> Data in this exercise:
┌──
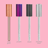 Kiara Sky's Large Barrel Fine bit is a coated carbide bit with an x-cut design. It's perfect for surface work such as smoothing product and prepping for top coat, as well as shortening acrylic and dip powder, backfill cutting and creating a sharp c-curve. The fine texture of this bit is perfect for removing lifted areas around the nail bed, without damaging it. This drill bit is designed to cut smoothly in both clockwise and counter-clockwise directions, making them perfect for right and left handed nail techs.
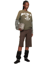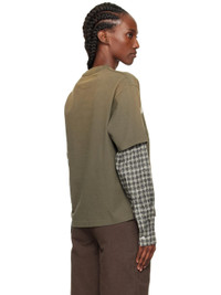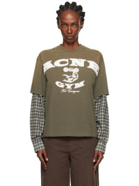 Organic cotton jersey T-shirt. · Rib-knit crewneck · Logo and text applique at front · Graphic and text printed at front · Check pattern at layered sleeves · Buttoned barrel cuffs Supplier color: Vintage green Body: 100% organic cotton. Trim: 100% organic cotton. Made in Portugal 252129F110070
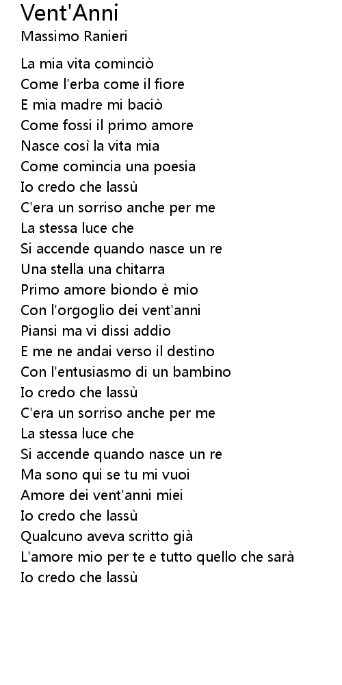 | Song | Vent'Anni |
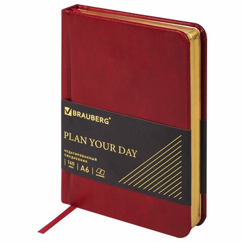Ежедневник недатированный МАЛЫЙ ФОРМАТ 100x150 мм, А6, BRAUBERG "Iguana", под кожу, 160 л., красный, 114468
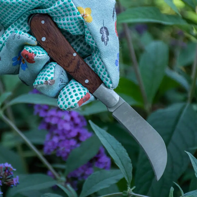 Багатоцільовий серпоподібний ніж повинен бути у кожного садівника. Завдяки компактній формі ніж поміщається в кишеню, тому він завжди буде під рукою. Профільована дерев’яна рукоятка забезпечує міцне захоплення, а високоякісне сталеве лезо ідеально направлятиме кожен розріз.
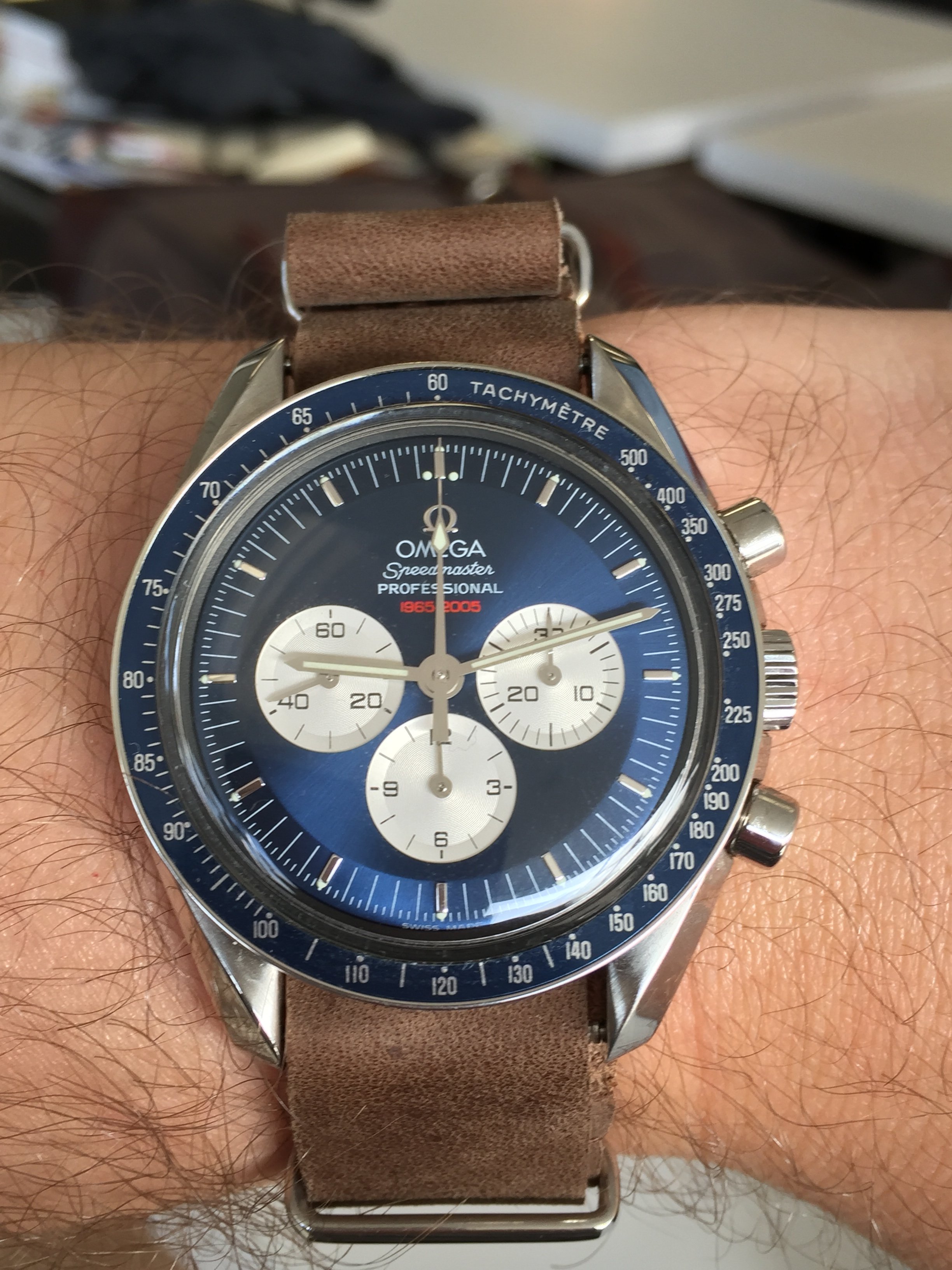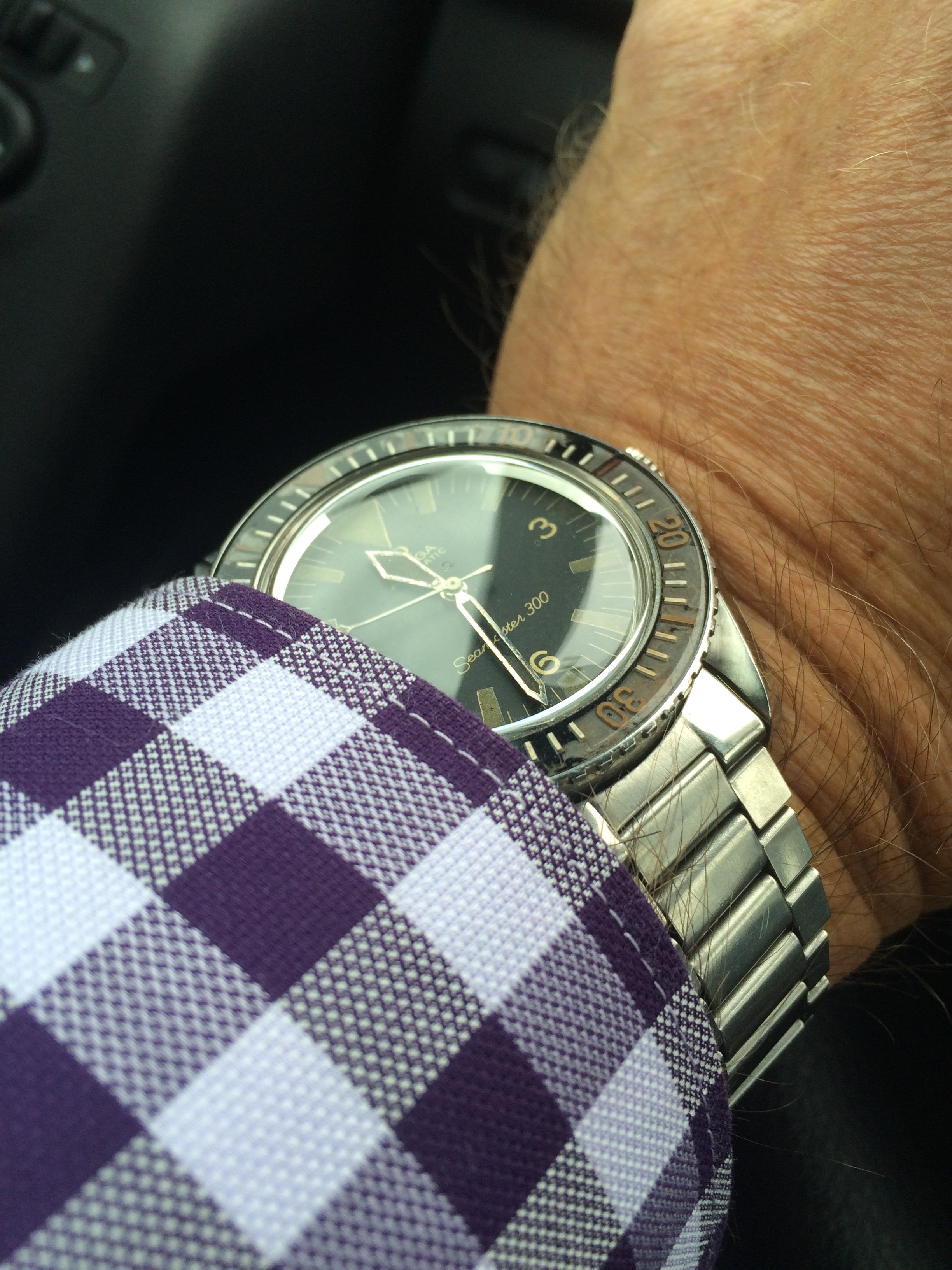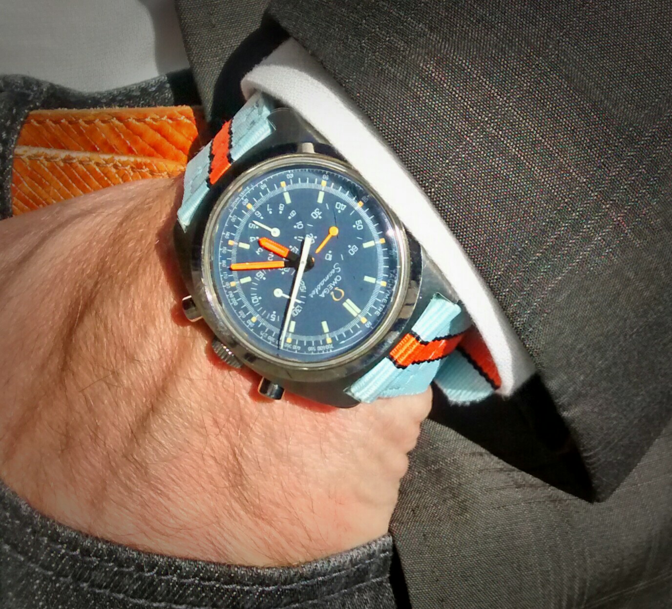 ··Not in LA anymore.Still honeymooning with this watch before we switch over to Team Omega this afternoon and Mrs.Jones and I fly off to Minneapolis for the Ryder Cup. When I bought the watch it had an improperly-sized, cheap-ish strap -- 21mm in 22mm lugs, so I found an OEM strap at a grey market dealer for a good price. Today is the first day wearing the new shoes 😀
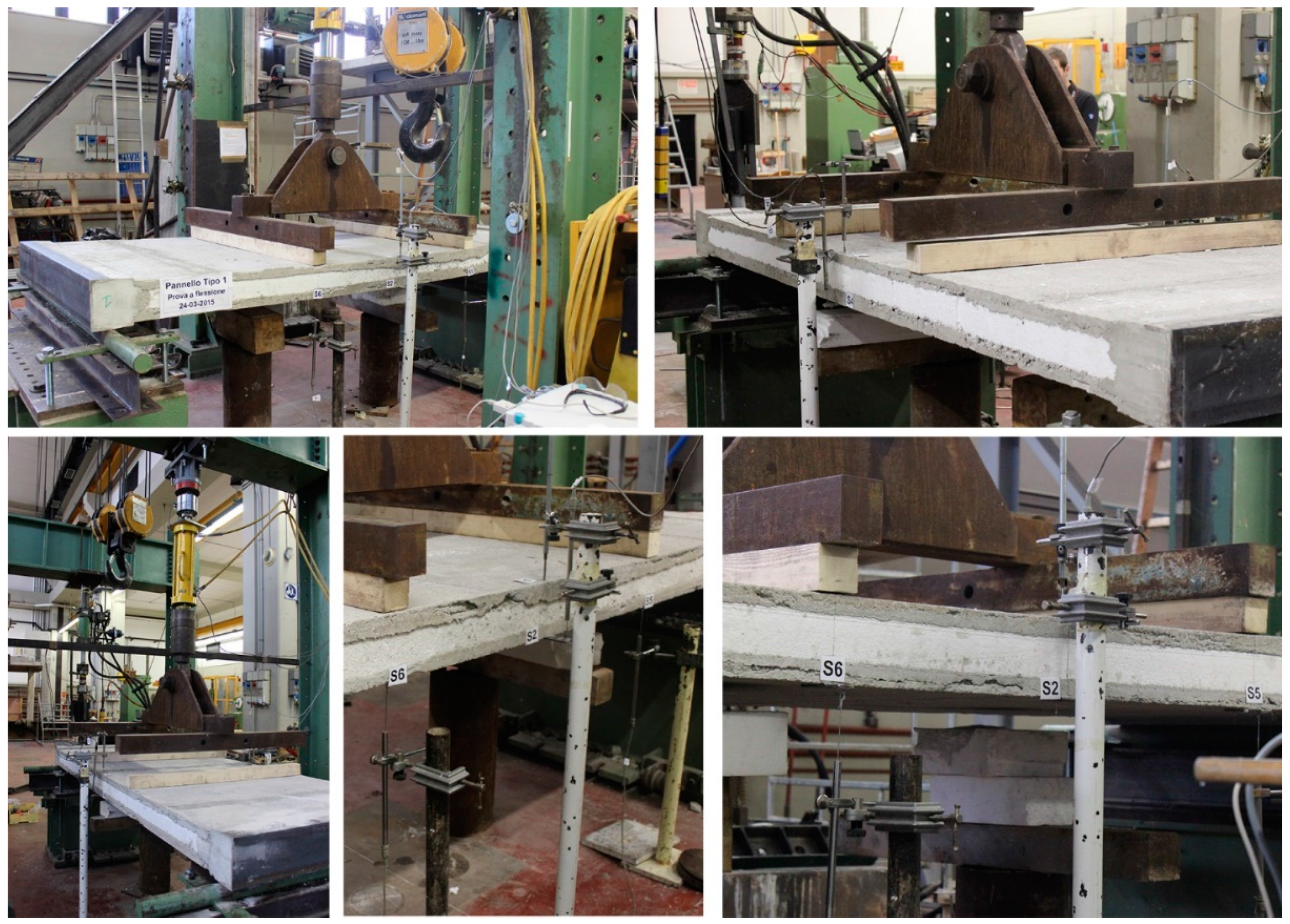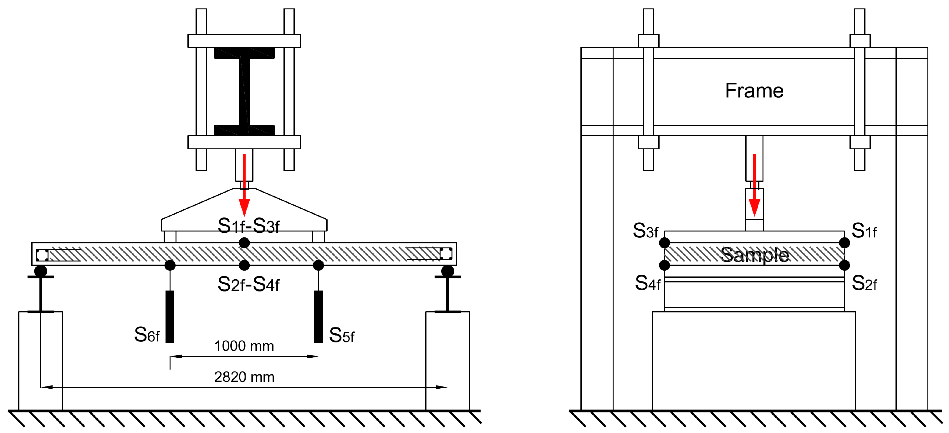 The panels were placed horizontally on two steel cylindrical supports (span equal to 2820 mm) placed on the middle axis of the RC beams at the ends of the panels (Figure 6). Load was transferred to samples by means of a spreader beam fixed to a reaction frame with a spacing of 1000 mm (Figure 6). Samples were instrumented with six transducers: S1f and S2f placed in the middle of the RC sandwich panels on the front face, S3f and S4f placed in the same position on the back face of the panels, and S5f and S6f positioned in correspondence of the load application points.
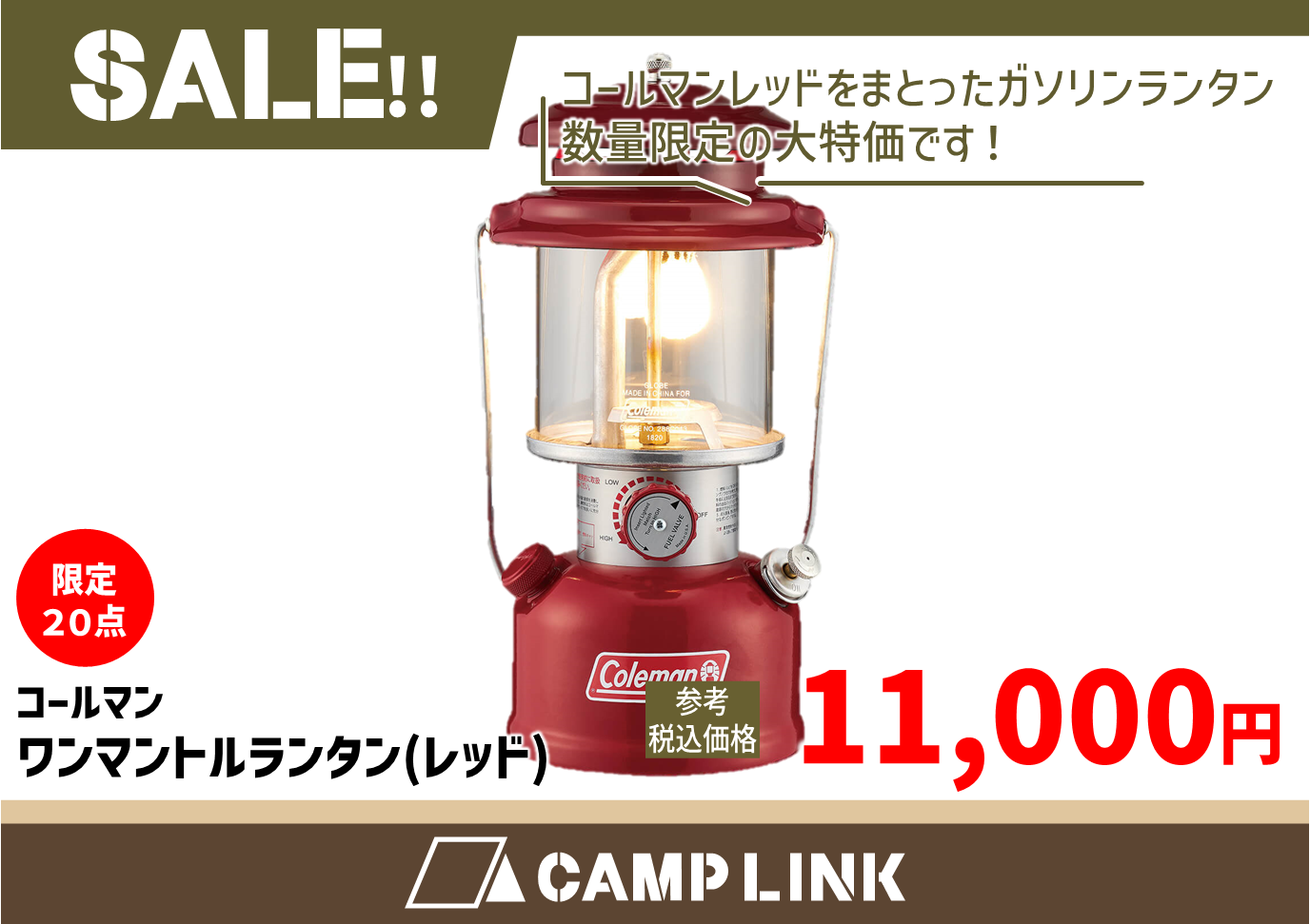 キャンプギアの目玉はコールマンの「ワンマントルランタン レッド」が税込1万1千円の超大特価!
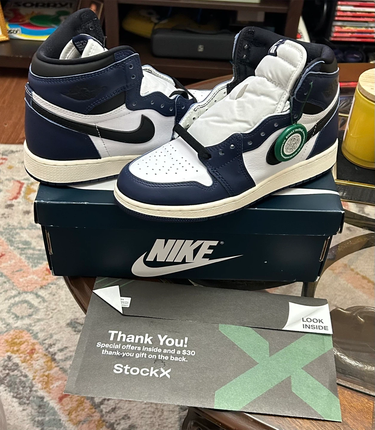 65Selling a pair of Nike Air Jordan 1 High OG sneakers in the "Midnight Navy" colorway! They come with the original box. These stylish sneakers are in great condition and ready for a new home. Perfect for any sneaker enthusiast!
└──
> What is being asked:
Only the lines from the top of the records through the line with "new shoes 😀" belong in the copy; write them out exactly, leaving out pictures.

> Answer box:
 Kiara Sky's Large Barrel Fine bit is a coated carbide bit with an x-cut design. It's perfect for surface work such as smoothing product and prepping for top coat, as well as shortening acrylic and dip powder, backfill cutting and creating a sharp c-curve. The fine texture of this bit is perfect for removing lifted areas around the nail bed, without damaging it. This drill bit is designed to cut smoothly in both clockwise and counter-clockwise directions, making them perfect for right and left handed nail techs.
 Organic cotton jersey T-shirt. · Rib-knit crewneck · Logo and text applique at front · Graphic and text printed at front · Check pattern at layered sleeves · Buttoned barrel cuffs Supplier color: Vintage green Body: 100% organic cotton. Trim: 100% organic cotton. Made in Portugal 252129F110070
 | Song | Vent'Anni |
Ежедневник недатированный МАЛЫЙ ФОРМАТ 100x150 мм, А6, BRAUBERG "Iguana", под кожу, 160 л., красный, 114468
 Багатоцільовий серпоподібний ніж повинен бути у кожного садівника. Завдяки компактній формі ніж поміщається в кишеню, тому він завжди буде під рукою. Профільована дерев’яна рукоятка забезпечує міцне захоплення, а високоякісне сталеве лезо ідеально направлятиме кожен розріз.
 ··Not in LA anymore.Still honeymooning with this watch before we switch over to Team Omega this afternoon and Mrs.Jones and I fly off to Minneapolis for the Ryder Cup. When I bought the watch it had an improperly-sized, cheap-ish strap -- 21mm in 22mm lugs, so I found an OEM strap at a grey market dealer for a good price. Today is the first day wearing the new shoes 😀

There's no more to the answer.